- [Your task]: All lines below between the line with "史上最实惠的充值大回馈,仅需提取299元宝即可获惊喜大礼,还等什么呢?" and the line with "2) 信号输出:利用DDS波", including both, must be copied exactly, and the pictures must be omitted.

#### Collected data

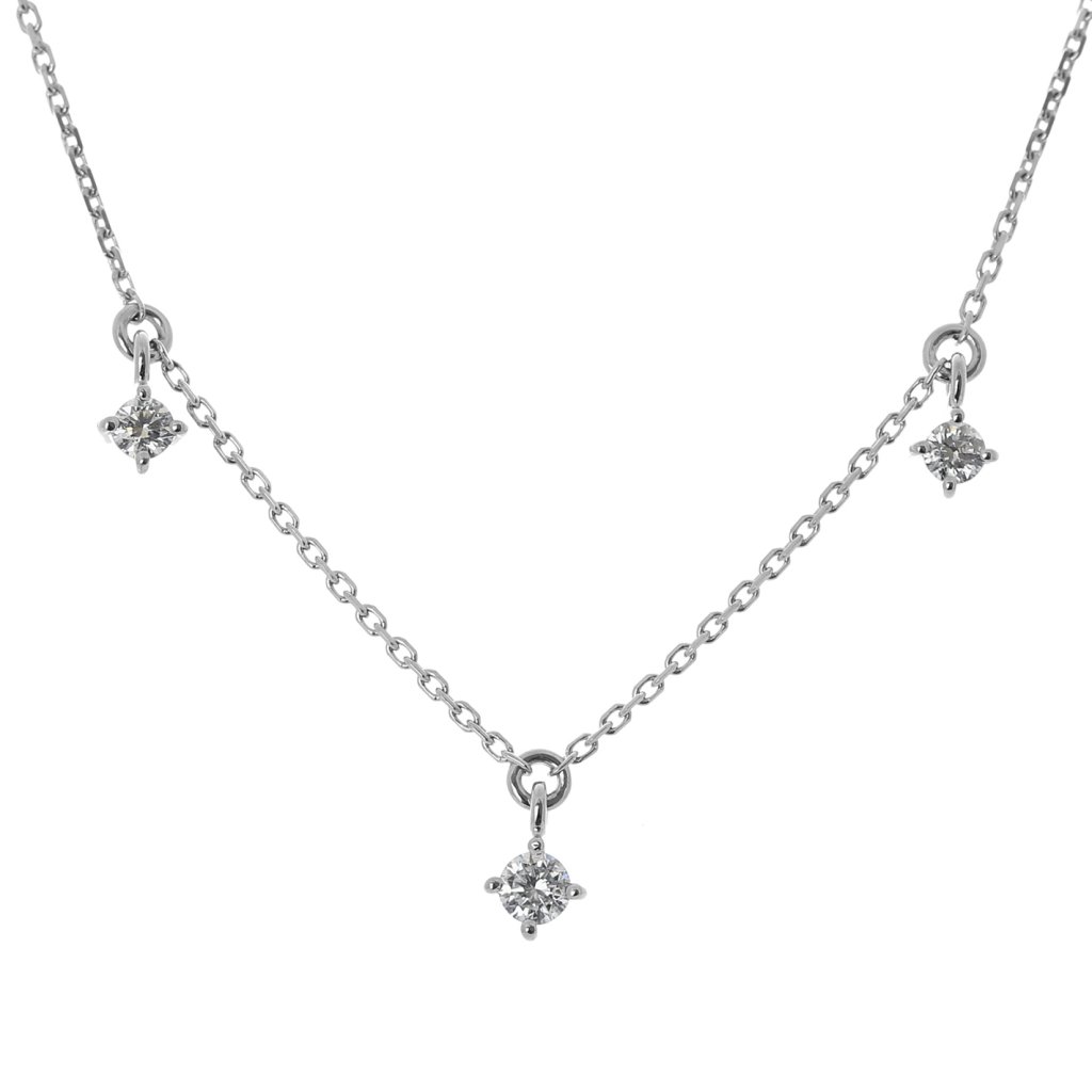 Jemný náhrdelník z bílého zlata 585/1000 zdobený třemi přírodními diamanty v briliantovém brusu. Elegantní, nadčasový a dokonale třpytivý šperk pro každodenní i slavnostní nošení.
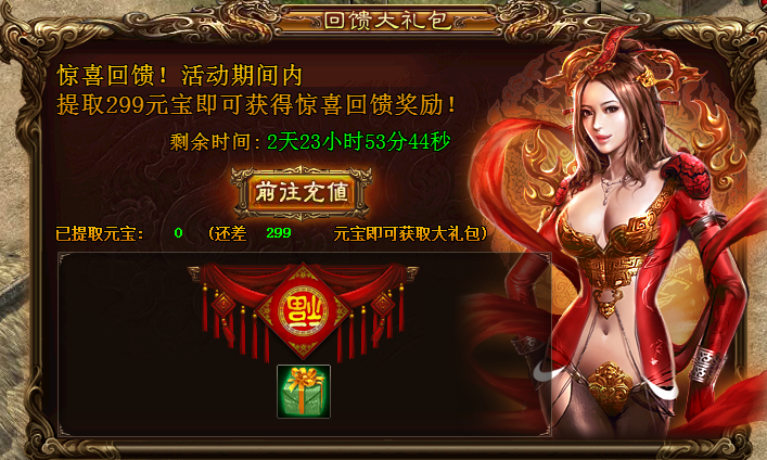 史上最实惠的充值大回馈,仅需提取299元宝即可获惊喜大礼,还等什么呢?
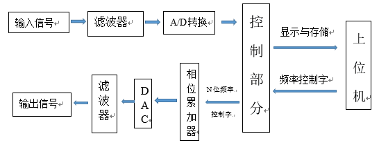 2) 信号输出:利用DDS波形发生技术,由上位机发送频率控制字到FPGA,再传送到相位累加器,然后通过DAC输出滤波后的信号;
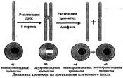 Количество генетического материала Количество генетического материала в соматической клетке зависит от периода клеточного цикла. Молодая соматическая клетка в фазе G1 и до репликации содержит 46 однохроматидных хромосом (46 молекул ДНК). В фазе S происходит полуконсервативная и асинхронная репликация ДНК, в результате чего хромосомы становятся двухроматидными (92 молекулы ДНК). Две хроматиды одной хромосомы остаются соединенными друг с другом в области центромеры до анафазы митоза, когда происходит расщепление центромеры и распределение генетического материала по дочерним клеткам. В результате, каждая дочерняя клетка получает то же количество генетической информации, что было в исходной материнской клетке (наследственная передача генетического материала от клетки к клетке).

########

- [Solution below]:
 史上最实惠的充值大回馈,仅需提取299元宝即可获惊喜大礼,还等什么呢?
 2) 信号输出:利用DDS波形发生技术,由上位机发送频率控制字到FPGA,再传送到相位累加器,然后通过DAC输出滤波后的信号;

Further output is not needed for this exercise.